EXCERPTED RECORDS Start Marker
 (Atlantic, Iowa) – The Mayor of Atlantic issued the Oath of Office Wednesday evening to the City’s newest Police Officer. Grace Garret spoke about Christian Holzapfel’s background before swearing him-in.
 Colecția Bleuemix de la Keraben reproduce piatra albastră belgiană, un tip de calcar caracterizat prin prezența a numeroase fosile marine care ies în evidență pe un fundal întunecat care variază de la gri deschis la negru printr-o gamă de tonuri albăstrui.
EXCERPTED RECORDS End Marker
EXCERPTED RECORDS Start Marker
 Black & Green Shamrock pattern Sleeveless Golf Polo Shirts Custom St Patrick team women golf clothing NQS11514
EXCERPTED RECORDS End Marker
TASK PROMPT -> Above are the records. Copy the lines beginning at the one that has "(Atlantic, Iowa) –" and ending with the one that has "Colecția Bleuemix de", unchanged.

ANSWER SECTION ->
 (Atlantic, Iowa) – The Mayor of Atlantic issued the Oath of Office Wednesday evening to the City’s newest Police Officer. Grace Garret spoke about Christian Holzapfel’s background before swearing him-in.
 Colecția Bleuemix de la Keraben reproduce piatra albastră belgiană, un tip de calcar caracterizat prin prezența a numeroase fosile marine care ies în evidență pe un fundal întunecat care variază de la gri deschis la negru printr-o gamă de tonuri albăstrui.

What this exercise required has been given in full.